Just a quick reminder:
Payback Period = Cost of Customer Acquisition/Gross Margin
The gross margin is the revenue per customer minus the costs to provide the service. A decrease in price reduces gross margin and will consequently increase payback period.
Margin Structure of the Customer Base: Compared to software companies, grocery stores are terrible customers because grocery stores have single digit margins. The margin structure of your startup’s customers matters a great deal when setting pricing. All of your product’s cost must be paid from your customers margin. The more margin your customer has, the more they can pay you for your product.
Like product development, developing pricing is a never-ending exercise. A startup’s environment, its product and its positioning change with time, and price must evolve in tandem. The best way for a startup to ensure its price is reasonably optimal to create a framework for evaluating price and revisit the data a few times per year.

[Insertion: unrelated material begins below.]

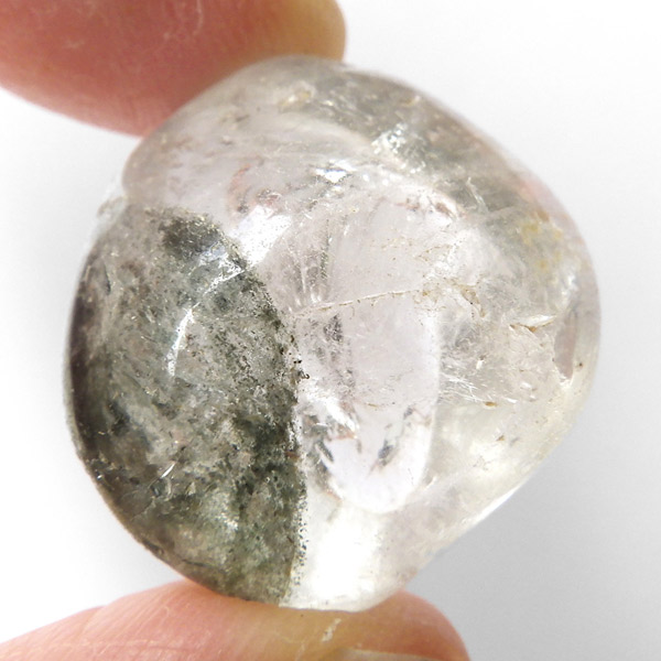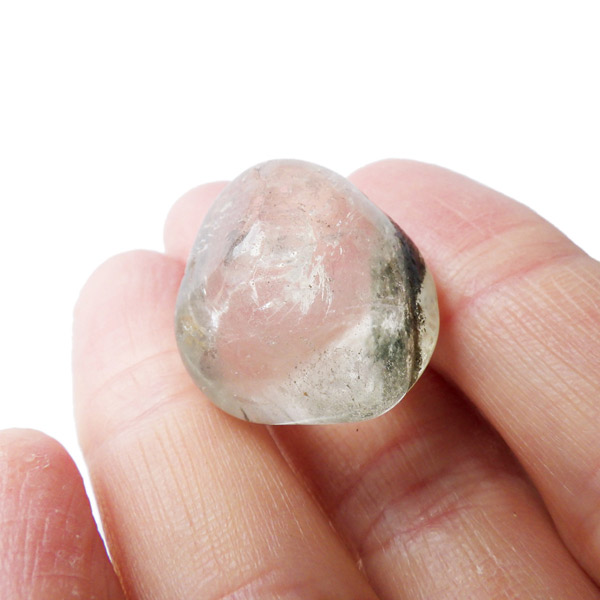 ブラジル産グリーン主体のガーデンクォーツ、タンブルです。ガーデンクォーツは、水晶が形成される過程で、緑や茶色の鉱物や泥岩を巻き込みながら結晶した水晶です。水晶の中に自然の風景が閉じ込められたようにも見えるため、「庭園水晶」「苔入り水晶」とも呼ばれています。 ファントムクォーツは、ガーデンクォーツの一種で、水晶が成長していく過程で、水晶の成長が一時的に停止した際に、その表面に別の鉱物などが付着し、また水晶が再び成長を始めると結晶の中に斜めや三角、山型の模様ができます。

This is one framework. If you have others, or additions, email me. I’d love to hear them.
To end this conversation on pricing, I’ll quote Lawrence Steinmetz who wrote a book on sales called How to Sell at Margins Higher Than Your Competitors: “The first thing you have to understand is the selling price is a function of your ability to sell and nothing else. What’s the difference between an $8,000 Rolex and a $40 Seiko watch? The Seiko is a better time piece. It’s far more accurate. The difference is your ability to sell.” Sales, marketing, product and pricing, when aligned, create powerful branding and margin-expansion effects.